In the expression above, we have written the present value as the sum of the coupon payments, and of the final lump sum payments. The process by which an investor buys a bond and separates it into the interest payment and principal payment, is known as stripping the bond.

Note that in the special case when \( c = i \), the expression simplifies to \( PV = $P \).

In the above version, we assumed that the interest rate in each time period is a constant \( i \% \). This is generally not the case, and we instead have to look up the Yield curve in order to determine the appropriate interest rate to use for each time period.

Say that the yield rate at time \( t \) is \( y _ t \% \). Then, the present value of the bond is:

\[ \small PV = \frac{ c\% $P } { ( 1 + y_1 \% ) ^ 1 } + \frac{ c\% $P } { ( 1 + y_2 \% ) ^ 2 } + \frac{ c\% $P } { ( 1 + y_3 \% ) ^ 3 } + \ldots + \frac{ c\% $P } { ( 1 + y_{T-1} \% ) ^ {T-1} } + \frac{ c\% $P + $P} { ( 1 + y_T \% ) ^ T }. \]

There is often no simple way to find this sum, and we typically enter the values into a spreadsheet to determine the theoretical price of the bond.

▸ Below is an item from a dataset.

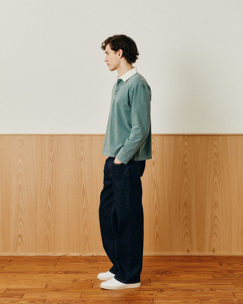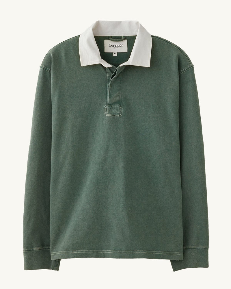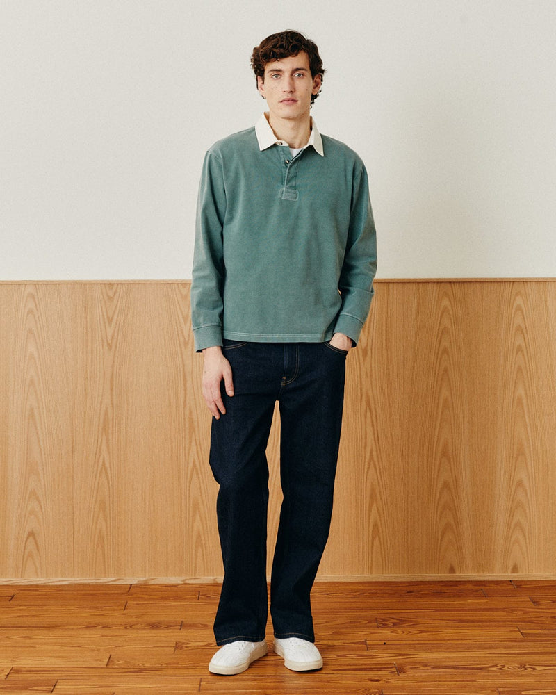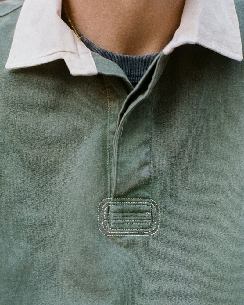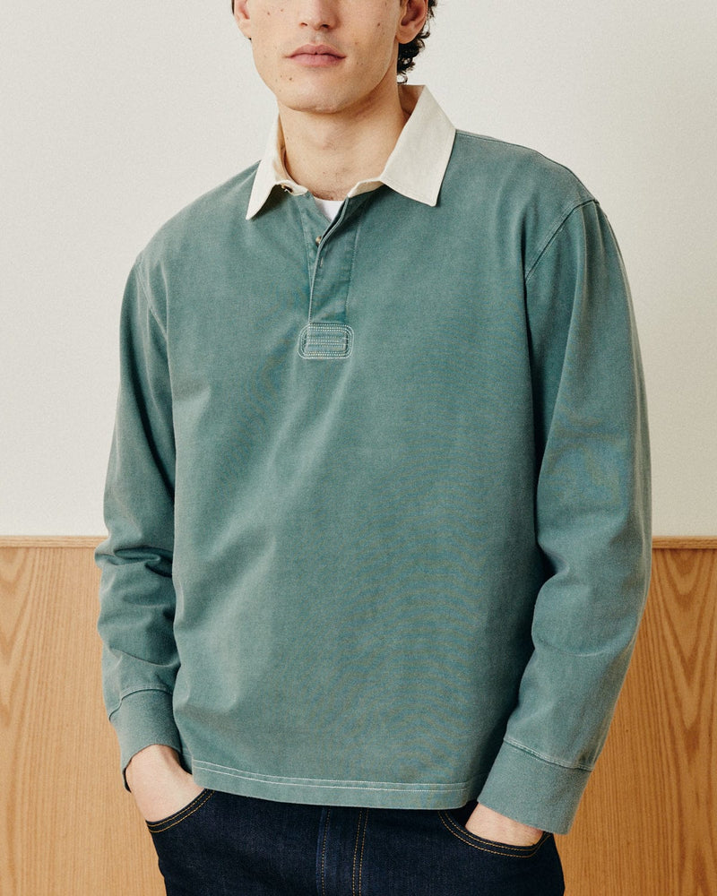 A classic long-sleeve rugby in 100% cotton with a vintage wash for lived-in softness. Covered placket and subtle contrast stitching provide a contemporary feel.

Finally, in this version, we let the coupon rate vary. Say that the coupon rate at time \( t \) is \( c _ t \% \). Then, the present value of the bond is

\[ \small PV = \frac{ c_1\% $P } { ( 1 + y_1 \% ) ^ 1 } + \frac{ c_2 \% $P } { ( 1 + y_2 \% ) ^ 2 } + \frac{ c_3\% $P } { ( 1 + y_3 \% ) ^ 3 } + \ldots + \frac{ c_{T-1}\% $P } { ( 1 + y_{T-1} \% ) ^ {T-1} } + \frac{ c_T \%$ P + $P} { ( 1 + y_T \% ) ^ T }. \]

Similarly, there is no simple formula for this sum, even for the most common case where the coupon rate is tied to the yield rate.

See Bond Prices for more details.

In the above, we made the assumption that each of these payments will be made. As it is possible for a bond issuer to default on their payments, we should also also account for that probability, and update the payments in each of the time periods \(t\).

In practice, the price of a bond would correlate with the price of other similar liquid instruments or benchmarks. This is known as relative valuation, where the credit rating of the bond will also be taken into consideration.